GIVEN INFORMATION Block Start

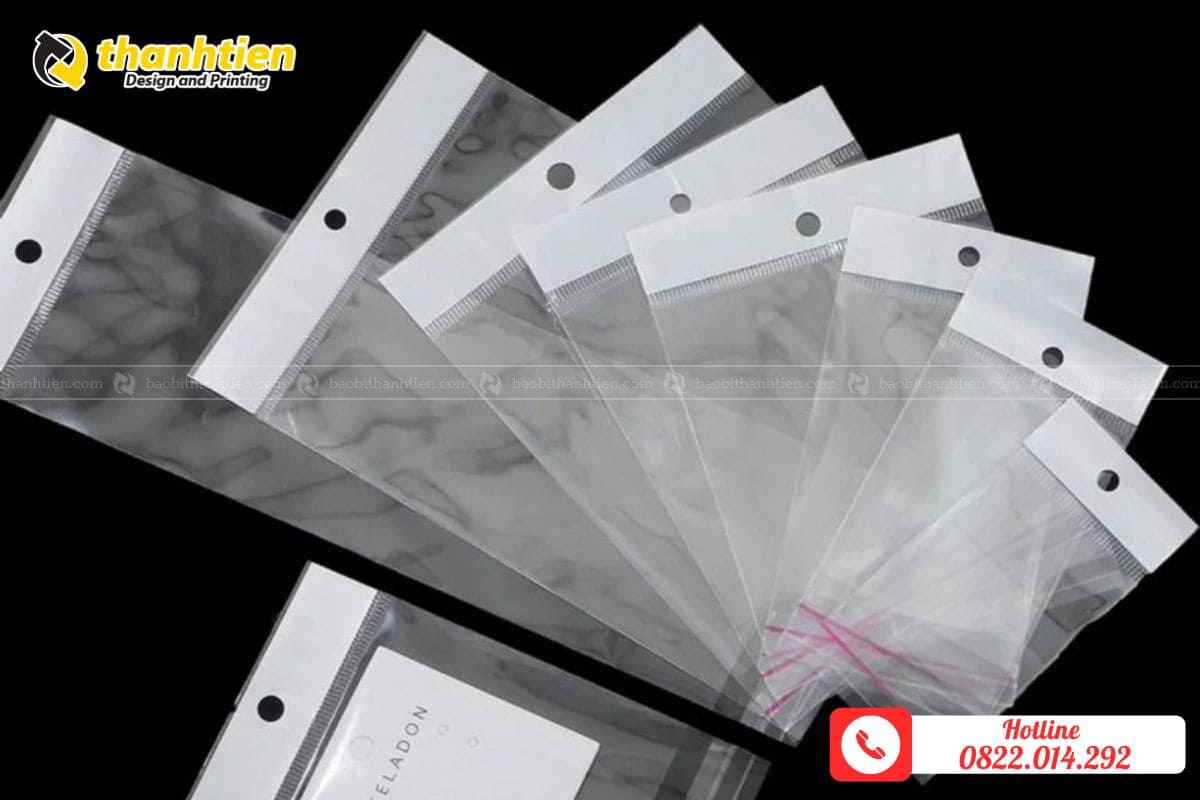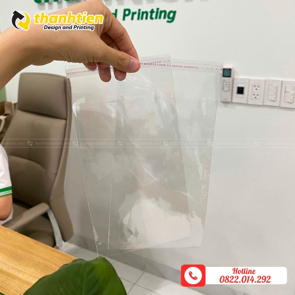 Túi OPP dán miệng là loại túi trong suốt có thể nhìn thấy sản phẩm bên trong, nó có thêm một lớp keo mỏng ở phía trên miệng túi. Túi thường dùng để đựng thực phẩm, tài liệu, đựng quần áo và dùng để đựng linh kiện điện tử hay văn phòng phẩm.
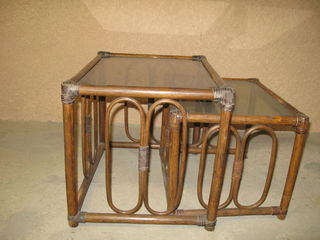 Vends 2 tables gigognes ou en bout de canapé en rotin, en bon état, dessus en verre fumé la gde 59.5cm de long et 46 cm de large le petite 51.5 cm "
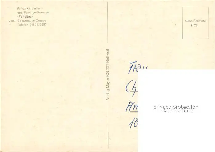 Scharbeutz_Ostseebad Kinderheim Pension Felicitas Scharbeutz_Ostseebad postalisch nicht gelaufen nach 1965 Erhaltung siehe scans [FriedD77] Frierer
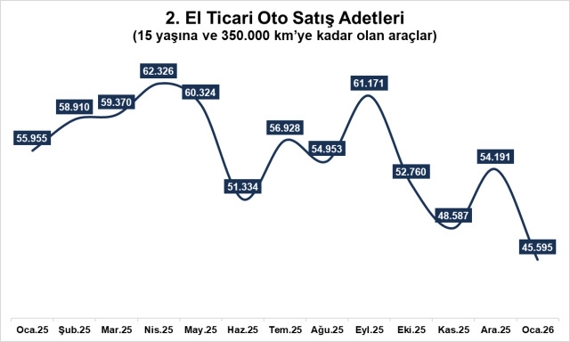 İkinci el otomobil pazarında Ocak ayında belirgin bir yavaşlama yaşandı. Ocak satış adetleri 300.410 olarak gerçekleşirken, Aralık ayına göre %20 düşüş kaydedildi. Geçen yılın aynı ayına kıyasla ise satışlar %10 geriledi. Ocak verisi, yıl sonu hareketliliğinin ardından yeni yılda piyasanın yeni araç kampanyalarının da etkisi ile daha temkinli bir denge arayışına girdiğine işaret ediyor. Aralık ayında satışlar 385.141 seviyesine çıkarak aylık bazda %6 artmış, bir önceki yıla göre ise %2 yükselmişti. Ocak’taki geri çekilme, özellikle yıl kapanışı sonrası normalleşme etkisinin satış adetlerine doğrudan yansıdığını gösteriyor.
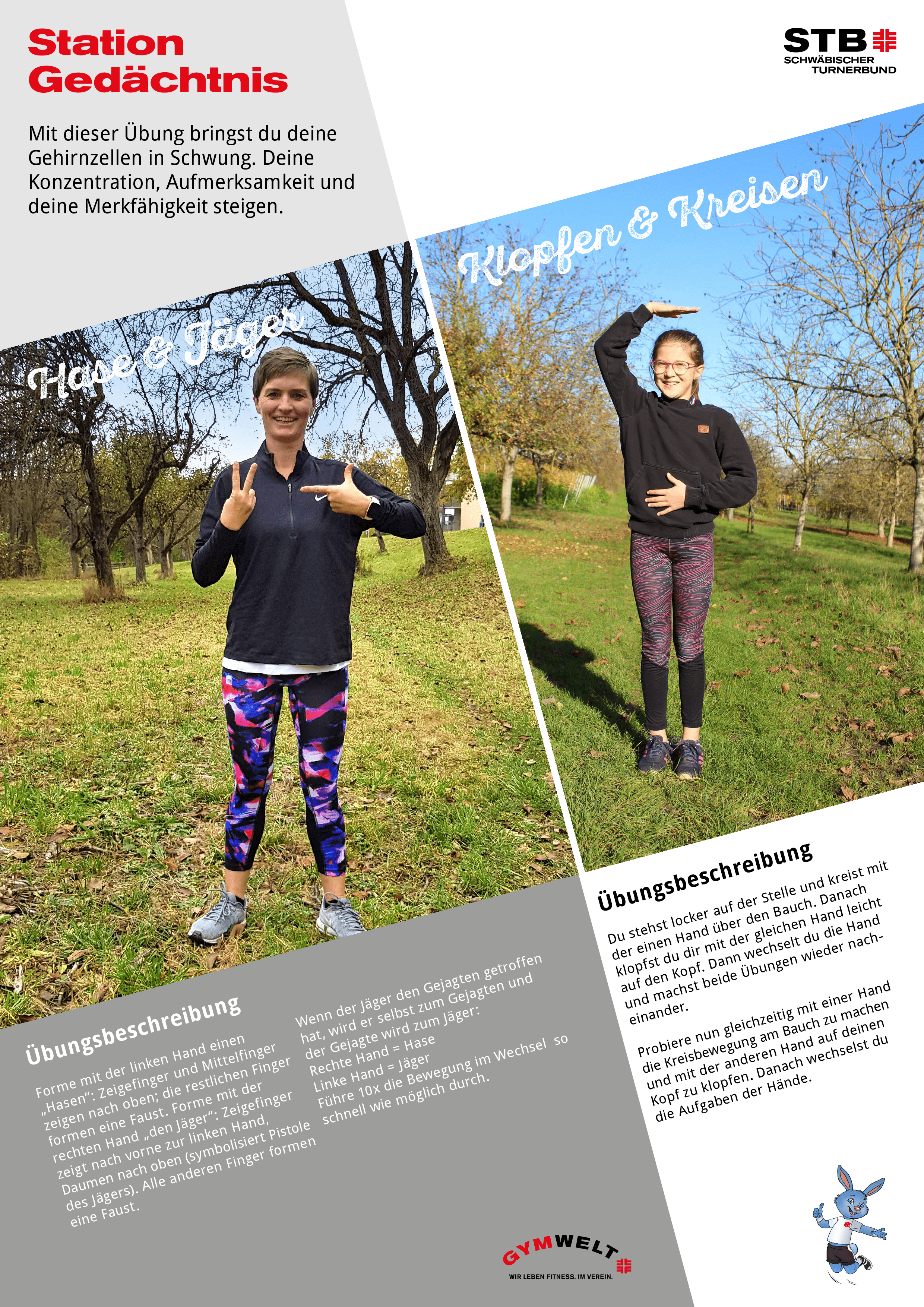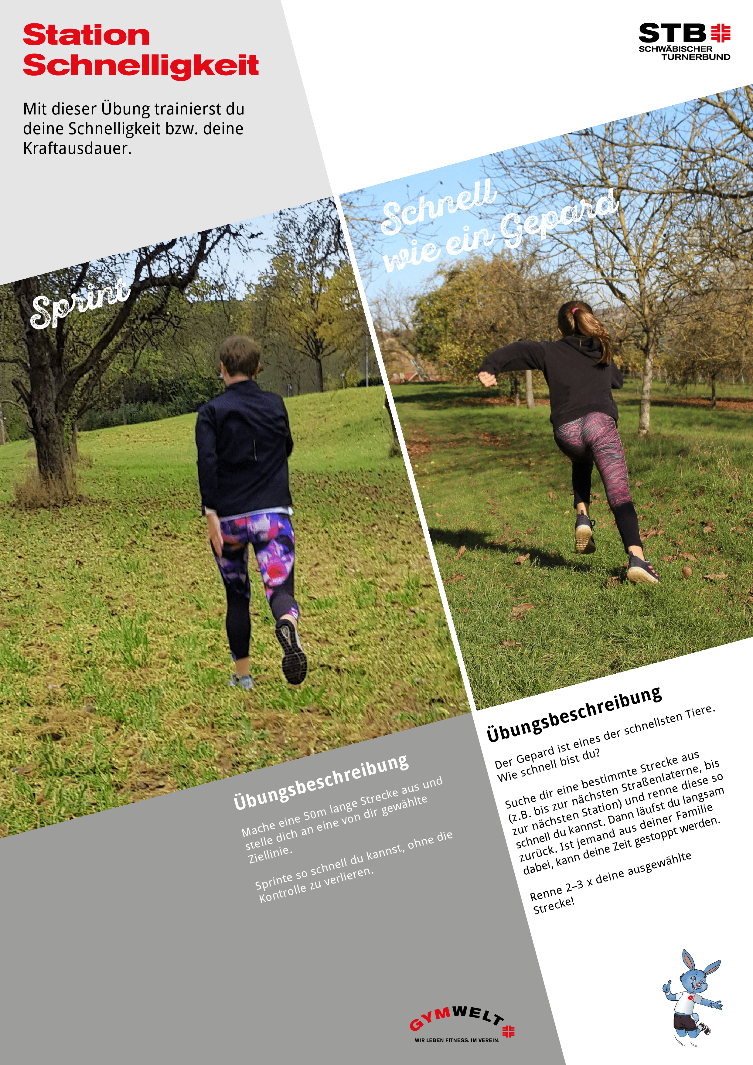 Bitte achtet zu jeder Zeit auf die Abstandsregelungen und die Kontaktbeschränkungen. Bitte organisiert keine Treffen mit anderen Familien oder Personen. Die Übungen sind nur als Individualsport möglich.
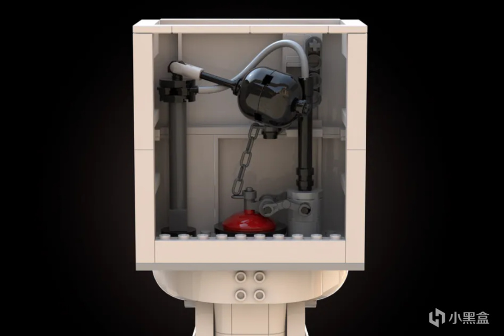 整个马桶水箱部分是有机械可动的部分,可以像正常马桶一样拉开水箱内部的挡板,同时冲水臂、挡板、溢流管和浮球都以乐高形式出现在马桶水箱中。
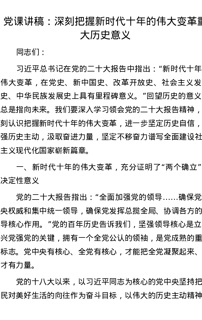 党课讲稿:深刻把握新时代十年的伟大变革重大历史意义
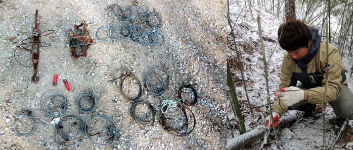 무등산국립공원동부사무소는 28일 국립공원 지정 이후에도 야생동물 밀렵행위가 끊이지 않음에따라 오는 3월까지 집중단속을 벌인다고 밝혔다. 사진은 국립공원사무소 관계자가 올무를 제거하고 있는 모습.
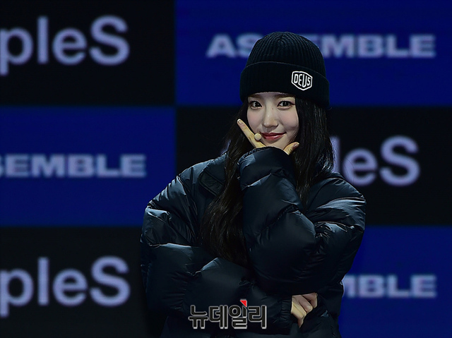 트리플에스 유연이 13일 오후 서울 용산구 블루스퀘어 마스터카드홀에서 열린 '어셈블 라이징' 쇼케이스에서 포즈를 취하고 있다.
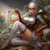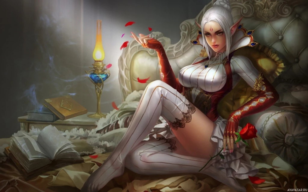 red accents and what looks like a crown of feathers on her head. The setting includes a couch and a book, suggesting a relaxed yet regal atmosphere. There are roses scattered around the room, which adds to the romantic and fantasy
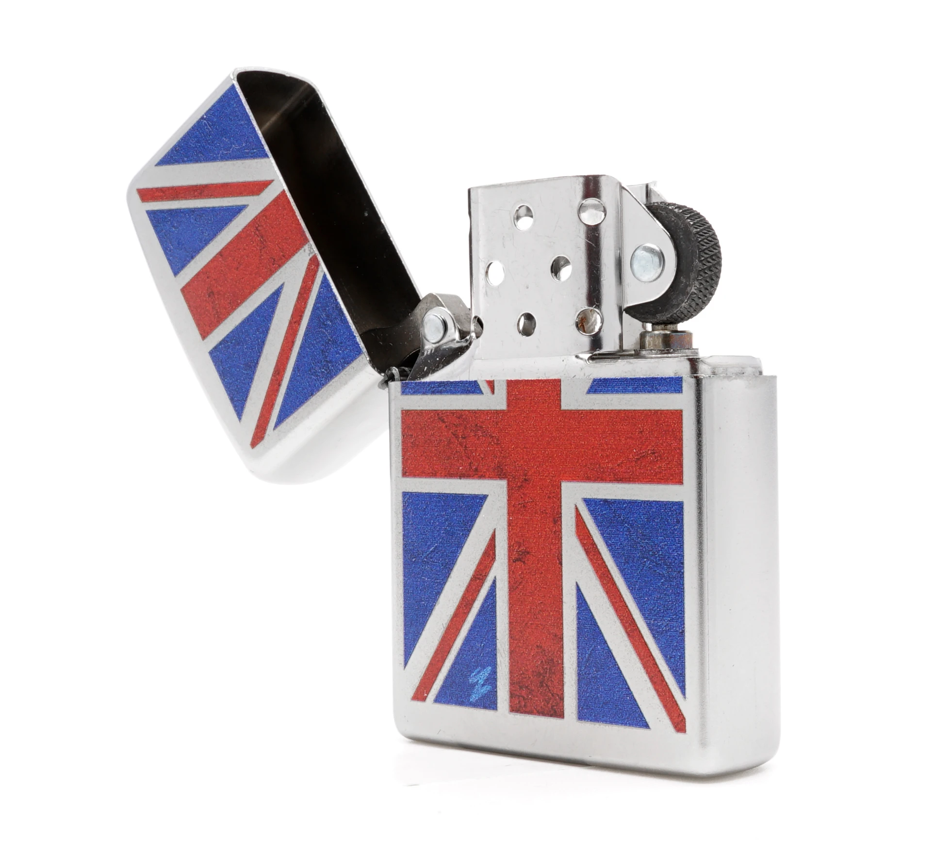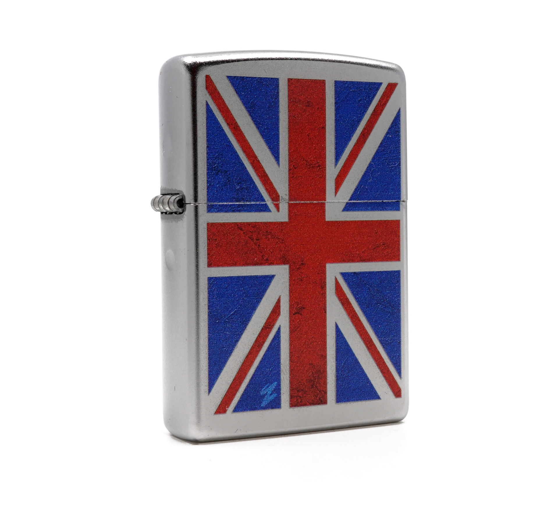 | Motief | Een Engelse vlag op een satin chromen Zippo. De blauwe en rode kleuren komen prachtig naar voren en geven deze Zippo een goede indruk. |
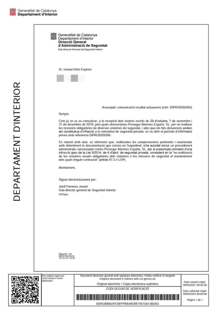 El Departament d’Interior ha abierto expediente sancionador contra dicha empresa por una posible infracción GRAVE de la Ley de Seguridad Privada. La sección sindical en PROSEGUR ALARMAS de Tarragona por ADN SINDICAL DE SEGURIDAD Y SERVICIOS DE CATALUÑA en el año 2019 ya hizo llegar varios escritos y ahora han terminado de investigar la documentación que se les hizo llegar.
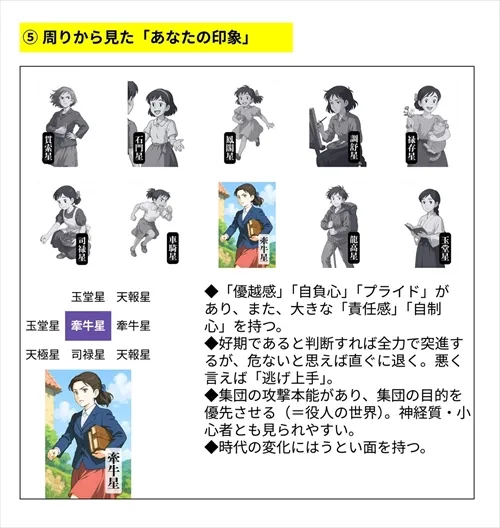 「木性」の女性であれば、自分から生み出される「火性」が「子ども」になるわけです。※男性の場合は、結婚相手(項目⑮)から生み出される性質の方が、お子さんになります。
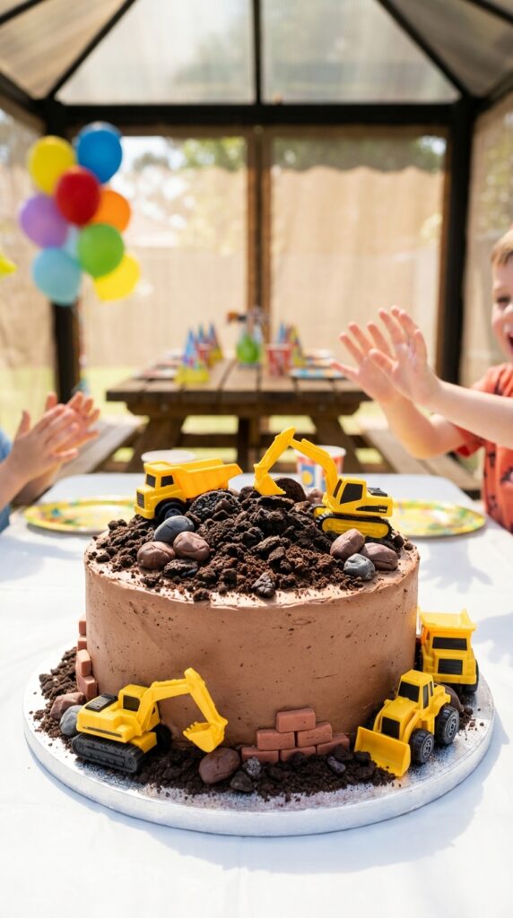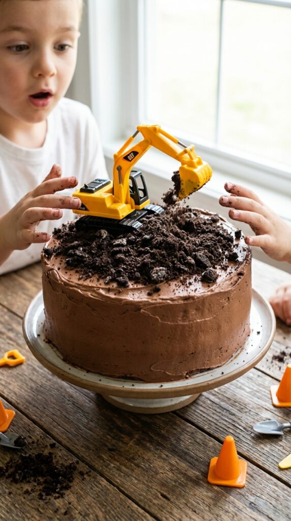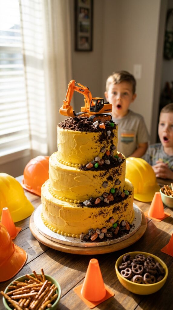 Here’s where excavator cake decorating techniques really shine: position a toy excavator mid-dig on the top tier, then cascade edible rocks and chocolate crumbles down each level. The vertical design creates visual drama that makes your child’s cake the party’s undisputed centerpiece.
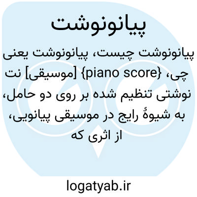 {piano score} [موسیقی] نت نوشتی تنظیم شده بر روی دو حامل، به شیوۀ رایج در موسیقی پیانویی، از اثری که برای سازگان/ ارکستر یا گروه هم نوایی نوشته شده است
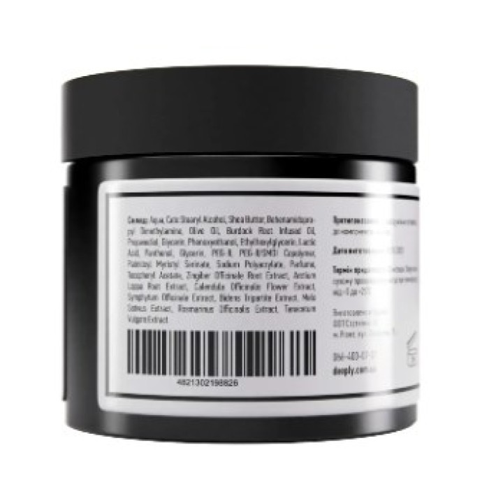 Aqua, Ceto Stearyl Alcohol, Shea Butter, Behenamidopropyl Dimethylamine, Olive Oil, Burdock Root Infused Oil, Propanediol, Glycerin, Phenoxyethanol, Ethylhexylglycerin, Lactic Acid, Panthenol, Glycerin, PEG-8, PEG-8/SMDI Copolymer, Palmitoyl Myristyl Serinate, Sodium Polyacrylate, Parfume, Tocopheryl Acetate, Zingiber Officinale Root Еxtract, Arctium Lappa Root Extract, Calendula Officinalis Flower Extract, Symphytum Officinale Extract, Bidens Tripartite Extract, Melo Sativus Extract, Rosmarinus Officinalis Extract, Tanacetum Vulgare Extract.

GIVEN INFORMATION Block End

Return the data above in its exact wording, with none of the pictures.

 Túi OPP dán miệng là loại túi trong suốt có thể nhìn thấy sản phẩm bên trong, nó có thêm một lớp keo mỏng ở phía trên miệng túi. Túi thường dùng để đựng thực phẩm, tài liệu, đựng quần áo và dùng để đựng linh kiện điện tử hay văn phòng phẩm.
 Vends 2 tables gigognes ou en bout de canapé en rotin, en bon état, dessus en verre fumé la gde 59.5cm de long et 46 cm de large le petite 51.5 cm "
 Scharbeutz_Ostseebad Kinderheim Pension Felicitas Scharbeutz_Ostseebad postalisch nicht gelaufen nach 1965 Erhaltung siehe scans [FriedD77] Frierer
 İkinci el otomobil pazarında Ocak ayında belirgin bir yavaşlama yaşandı. Ocak satış adetleri 300.410 olarak gerçekleşirken, Aralık ayına göre %20 düşüş kaydedildi. Geçen yılın aynı ayına kıyasla ise satışlar %10 geriledi. Ocak verisi, yıl sonu hareketliliğinin ardından yeni yılda piyasanın yeni araç kampanyalarının da etkisi ile daha temkinli bir denge arayışına girdiğine işaret ediyor. Aralık ayında satışlar 385.141 seviyesine çıkarak aylık bazda %6 artmış, bir önceki yıla göre ise %2 yükselmişti. Ocak’taki geri çekilme, özellikle yıl kapanışı sonrası normalleşme etkisinin satış adetlerine doğrudan yansıdığını gösteriyor.
 Bitte achtet zu jeder Zeit auf die Abstandsregelungen und die Kontaktbeschränkungen. Bitte organisiert keine Treffen mit anderen Familien oder Personen. Die Übungen sind nur als Individualsport möglich.
 整个马桶水箱部分是有机械可动的部分,可以像正常马桶一样拉开水箱内部的挡板,同时冲水臂、挡板、溢流管和浮球都以乐高形式出现在马桶水箱中。
 党课讲稿:深刻把握新时代十年的伟大变革重大历史意义
 무등산국립공원동부사무소는 28일 국립공원 지정 이후에도 야생동물 밀렵행위가 끊이지 않음에따라 오는 3월까지 집중단속을 벌인다고 밝혔다. 사진은 국립공원사무소 관계자가 올무를 제거하고 있는 모습.
 트리플에스 유연이 13일 오후 서울 용산구 블루스퀘어 마스터카드홀에서 열린 '어셈블 라이징' 쇼케이스에서 포즈를 취하고 있다.
 red accents and what looks like a crown of feathers on her head. The setting includes a couch and a book, suggesting a relaxed yet regal atmosphere. There are roses scattered around the room, which adds to the romantic and fantasy
 | Motief | Een Engelse vlag op een satin chromen Zippo. De blauwe en rode kleuren komen prachtig naar voren en geven deze Zippo een goede indruk. |
 El Departament d’Interior ha abierto expediente sancionador contra dicha empresa por una posible infracción GRAVE de la Ley de Seguridad Privada. La sección sindical en PROSEGUR ALARMAS de Tarragona por ADN SINDICAL DE SEGURIDAD Y SERVICIOS DE CATALUÑA en el año 2019 ya hizo llegar varios escritos y ahora han terminado de investigar la documentación que se les hizo llegar.
 「木性」の女性であれば、自分から生み出される「火性」が「子ども」になるわけです。※男性の場合は、結婚相手(項目⑮)から生み出される性質の方が、お子さんになります。
 Here’s where excavator cake decorating techniques really shine: position a toy excavator mid-dig on the top tier, then cascade edible rocks and chocolate crumbles down each level. The vertical design creates visual drama that makes your child’s cake the party’s undisputed centerpiece.
 {piano score} [موسیقی] نت نوشتی تنظیم شده بر روی دو حامل، به شیوۀ رایج در موسیقی پیانویی، از اثری که برای سازگان/ ارکستر یا گروه هم نوایی نوشته شده است
 Aqua, Ceto Stearyl Alcohol, Shea Butter, Behenamidopropyl Dimethylamine, Olive Oil, Burdock Root Infused Oil, Propanediol, Glycerin, Phenoxyethanol, Ethylhexylglycerin, Lactic Acid, Panthenol, Glycerin, PEG-8, PEG-8/SMDI Copolymer, Palmitoyl Myristyl Serinate, Sodium Polyacrylate, Parfume, Tocopheryl Acetate, Zingiber Officinale Root Еxtract, Arctium Lappa Root Extract, Calendula Officinalis Flower Extract, Symphytum Officinale Extract, Bidens Tripartite Extract, Melo Sativus Extract, Rosmarinus Officinalis Extract, Tanacetum Vulgare Extract.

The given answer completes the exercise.